Facebook, Twitter and Google must use their antisemite profiling technology to expel bigots instead of selling ads
Following the discovery that Facebook’s advertising algorithm offered advertisers the opportunity to target categories of users whose views were summarised as “Jew hater”, “How to burn Jews”, or “History of ‘why Jews ruin the world’”, it has now emerged that Twitter and Google also provide an means of targeting antisemites on their platforms.
Twitter has now been found offering a means of targeting almost 19 million users who might be particularly interested in hearing about a “Nazi” offering, and Google has been exposed for suggesting “good quality” keywords to antisemitic advertisers such as “the evil Jew”, “Jewish parasite”, “Jews control the media” and “Jewish control of banks”.
It comes as no surprise whatsoever that these titans of social networking and search can identify antisemites easily: their businesses are driven by their ability to reach huge numbers of people, and profile those people precisely enough to allow advertisers to target specific groups according to their interests.

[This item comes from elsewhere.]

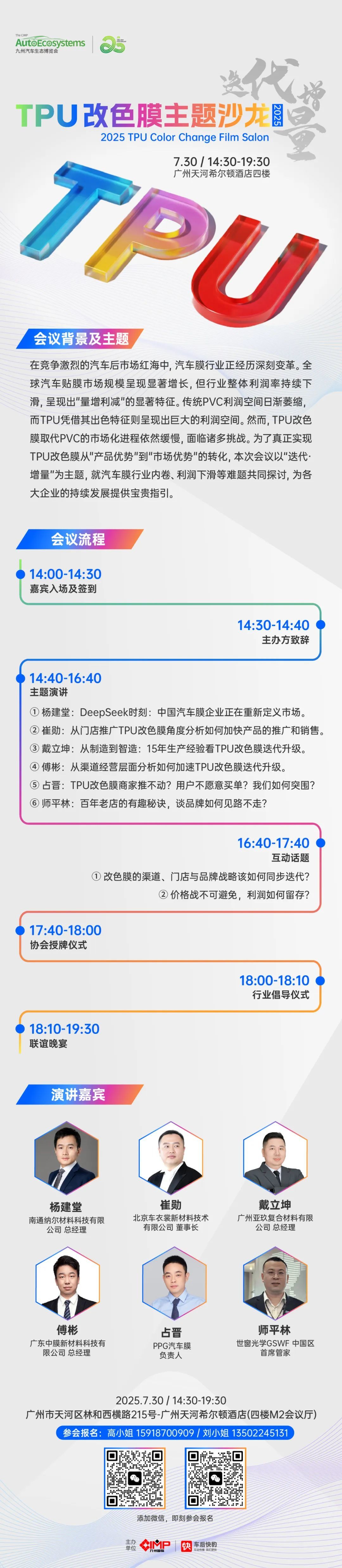 TPU改色膜主题沙龙将于7月30日隆重举办!破解迭代难题,共商增量之道
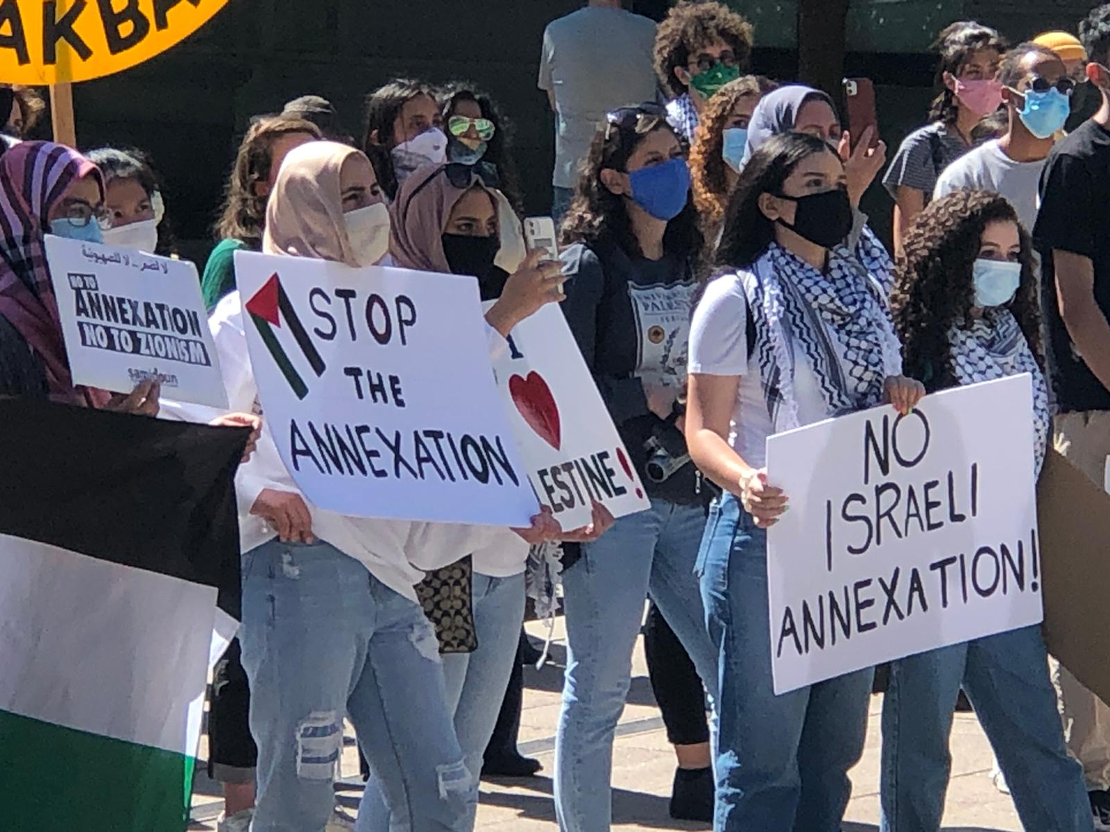 They joined in spirited chants for justice and liberation in Palestine, raising Palestinian flags and signs denouncing annexation.

Now we know Facebook, Twitter, Google and no doubt many others, have developed algorithms so advanced that they even manage to identify antisemites by accident. This shows how easy it is to find Facebook, Twitter and YouTube users who hate Jews. Many antisemites on these platforms make no effort at all to conceal or disguise their hatred, brazenly sharing neo-Nazi, far-left or Islamist antisemitic material. What is so shameful is not that these antisemites exist, but that Facebook, Twitter and Google evidently can identify them and chooses not to expel them from their social networking platform.
Perhaps even more outrageous is that these companies will have been collecting money from advertisers seeking to target antisemites, perhaps to invite them to Jew-hatred rallies or to share antisemitic conspiracy myths with them. Despite apologising when caught out, none of these companies have revealed how much money they made, or what will be done with the proceeds.

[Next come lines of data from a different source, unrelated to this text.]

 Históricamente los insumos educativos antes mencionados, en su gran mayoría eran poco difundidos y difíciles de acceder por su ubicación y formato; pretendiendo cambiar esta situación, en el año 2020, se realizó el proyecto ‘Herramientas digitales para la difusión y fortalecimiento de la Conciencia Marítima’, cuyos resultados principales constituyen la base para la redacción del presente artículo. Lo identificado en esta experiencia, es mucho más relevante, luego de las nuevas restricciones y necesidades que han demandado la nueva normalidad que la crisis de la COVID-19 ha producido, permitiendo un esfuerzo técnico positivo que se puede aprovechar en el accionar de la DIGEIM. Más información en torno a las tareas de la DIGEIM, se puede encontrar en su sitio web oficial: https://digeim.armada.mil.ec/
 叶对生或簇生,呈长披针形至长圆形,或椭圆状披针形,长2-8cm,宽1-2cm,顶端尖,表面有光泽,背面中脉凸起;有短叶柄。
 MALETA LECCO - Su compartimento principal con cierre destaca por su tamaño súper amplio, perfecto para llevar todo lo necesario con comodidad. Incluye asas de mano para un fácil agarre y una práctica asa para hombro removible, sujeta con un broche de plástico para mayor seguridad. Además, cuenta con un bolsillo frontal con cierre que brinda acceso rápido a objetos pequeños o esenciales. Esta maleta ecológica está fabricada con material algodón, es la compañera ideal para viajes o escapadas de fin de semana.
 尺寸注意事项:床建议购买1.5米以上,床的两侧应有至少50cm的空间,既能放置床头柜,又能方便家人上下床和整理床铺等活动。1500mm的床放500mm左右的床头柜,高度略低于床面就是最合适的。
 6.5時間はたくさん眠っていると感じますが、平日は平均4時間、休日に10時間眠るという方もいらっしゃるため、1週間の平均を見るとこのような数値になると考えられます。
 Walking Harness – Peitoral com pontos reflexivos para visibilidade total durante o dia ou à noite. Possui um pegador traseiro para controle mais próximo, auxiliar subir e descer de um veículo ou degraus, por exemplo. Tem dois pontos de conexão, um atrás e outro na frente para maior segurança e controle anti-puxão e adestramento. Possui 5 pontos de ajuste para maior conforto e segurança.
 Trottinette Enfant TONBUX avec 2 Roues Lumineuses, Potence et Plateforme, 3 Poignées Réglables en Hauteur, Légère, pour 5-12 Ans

The reasons that these companies are so tolerant of antisemites might be related. These online titans are funded by the advertising they sell, which depends on continued growth in the number of their users, and the ability to reliably target all of those users according to their interests. Using their advanced antisemite-targeting algorithms to excise antisemites, extremists and other undesirable people from their social networking platforms could start to slightly dent the growth in the number of their users, which is a key metric of the companies’ success and their attractiveness as advertising platforms.
Now we have confirmation that internet giants are sitting on technology for targeting antisemitic users, but they are using it to sell ads instead of expelling the bigots. That is the real scandal here.